Really nice wooden lid , love it


----------



## Hasi (Dec 27, 2017)

Haha, love this Multi-cutter/tape/paint pot setup - looks very much like I would've done it! Did it take you long to come up with that?

I find me wandering about the workshop for hours ...until I believe to have solved the riddle of how I could compensate for not having a CNC milling machine, this time.









There must be a reason why they always make tools as un-clampable as possible...


----------



## Hasi (Dec 27, 2017)

As for the result, it is terrific!

Wood adds so much warmth to a machine









May I ask... what are the benefits of a hopper chop? Is it about fitting it underneath some wall cupboard; making it more accessible/easier to quick-clean; does a wooden lid have vibration/noise reducing functionailty, does it seal better, or take up odours?


----------



## jimbojohn55 (Jan 15, 2016)

Hasi said:


> Haha, love this Multi-cutter/tape/paint pot setup - looks very much like I would've done it! Did it take you long to come up with that?
> 
> I find me wandering about the workshop for hours ...until I believe to have solved the riddle of how I could compensate for not having a CNC milling machine, this time.
> 
> ...


to be fair to Bosh pro cutters have a flat surface under them- think i need to make a tool for the tool as it isn't going to be available off the shelf -haha


----------



## jimbojohn55 (Jan 15, 2016)

Hasi said:


> As for the result, it is terrific!
> 
> Wood adds so much warmth to a machine
> 
> ...


They tame a commercial machine, and for many it will enable them to fit under the cupboard.

The wood does reduce noise, -well abit. because they do seal better than the plastic lids

vibration - i suppose they do help a little.

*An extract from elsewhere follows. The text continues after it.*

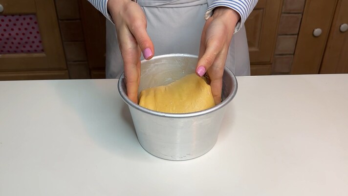 Trasferisci l'impasto su una spianatoia, lavoralo per formare una palla compatta, quindi sistema quest'ultima all'interno dell'apposito stampo da 18 cm di diametro e dai bordi alti e leggermente svasati, già unto abbondantemente di strutto 15.

As for the aesthetic - they look and fit better than the cheap plastic lids, there is something about the combination of wood and metal that lends a quality to the machine.


----------



## Hasi (Dec 27, 2017)

jimbojohn55 said:


> to be fair to Bosh pro cutters have a flat surface under them- think i need to make a tool for the tool as it isn't going to be available off the shelf -haha




















I have one of those - stupid enough, to the rear the battery sticks out underneath and the power switch is located above... no holy grail of cutters here. So either way, one may end up using the tool to make a tool for the tool







couldn't be any simpler than that!


----------



## coffeechap (Apr 5, 2012)

Hasi said:


> As for the result, it is terrific!
> 
> Wood adds so much warmth to a machine
> 
> ...


They simply make the mythos look fab


----------